This weekend, though, a small corner of the Internet exploded with concern that Dropbox was going too far, actually scanning users’ private and directly peer-shared files for potential copyright issues. What’s actually going on is a little more complicated than that, but it shows that sharing a file on Dropbox isn’t always the same as sharing that file directly from your hard drive over something like e-mail or instant messenger.
The whole kerfuffle started yesterday evening, when one Darrell Whitelaw tweeted a picture of an error he received when trying to share a link to a Dropbox file via IM. The Dropbox webpage warned him and his friend that “certain files in this folder can’t be shared due to a takedown request in accordance with the DMCA.”
So, is Dropbox snooping through your files? Well, yes, but no.
“We sometimes receive DMCA notices to remove links on copyright grounds,” the company said in a statement provided to Ars. “When we receive these, we process them according to the law and disable the identified link. We have an automated system that then prevents other users from sharing the identical material using another Dropbox link. This is done by comparing file hashes.”
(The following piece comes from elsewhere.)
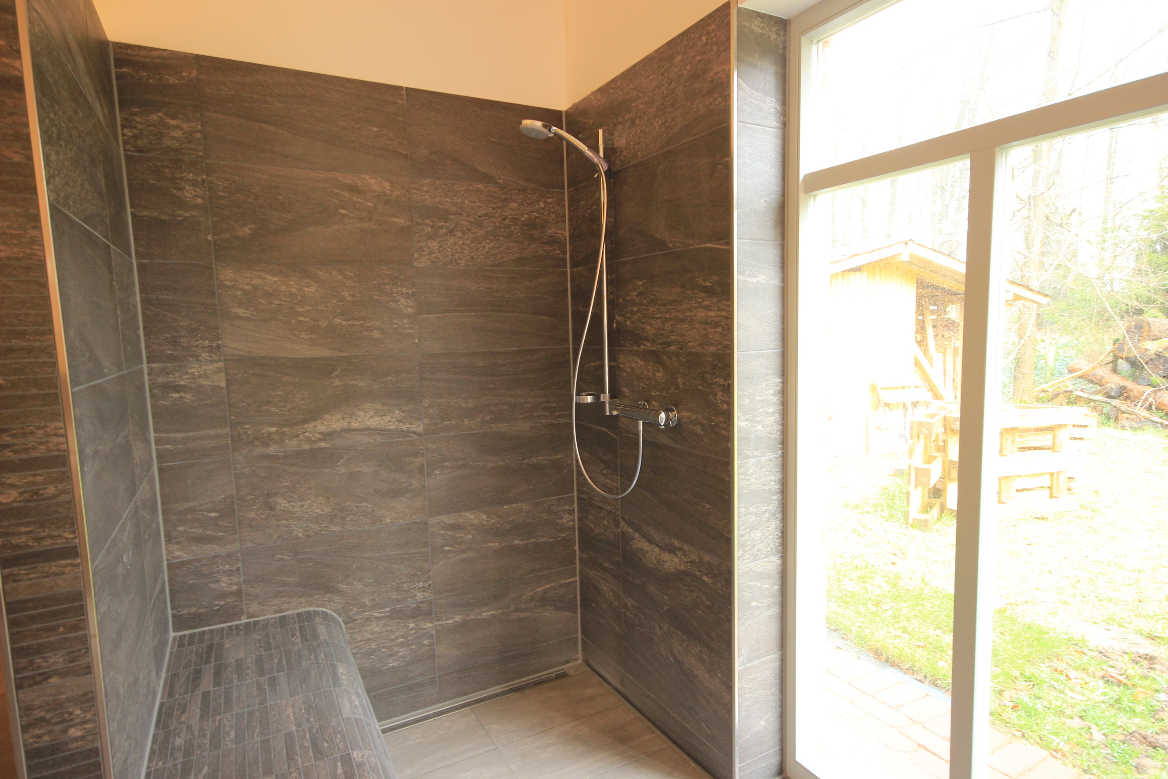 ... die barrierefreie Anlage von Haus und Garten, d.h. die ebenerdigen, großen Duschen, die Sitzbank in einem der Badezimmer, die rückenschonende Höhe von Sofas und Küche und barrierearme Bodenfenster zur Terrasse. Auch im Garten haben wir auf Treppen und Stufen verzichtet.
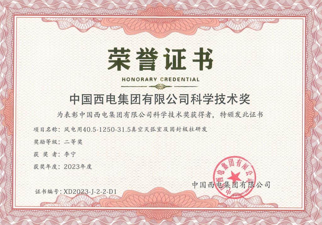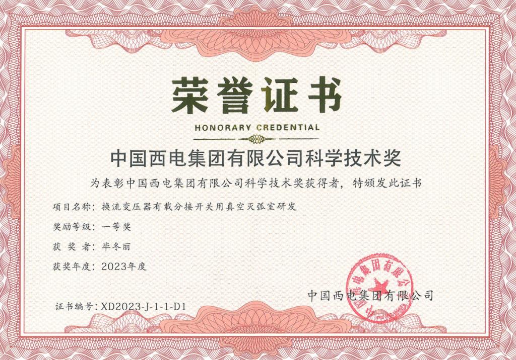 近日,6686体育官网股份《换流变压器有载分接开关用真空灭弧室研发》与《风电用40.5 kV/1250 A-31.5 kA真空灭弧室及固封极柱研发》两个技术创新项目,分别荣获2023年度中国西电集团科学技术奖“一等奖”与“二等奖”!

To be clear, Dropbox hasn’t removed or deleted Whitelaw’s files, they’ve just denied his ability to share a link to the file, which all things considered, seems fairly reasonable. More relevant though, is that yes, Dropbox is in effect scanning your files even if it is just being done by file hash bots, so while Whitelaw and undoubtedly many, many others may use Dropbox just like a private external hard drive at home or at work, it, like most everything else cloud related, is definitely not private.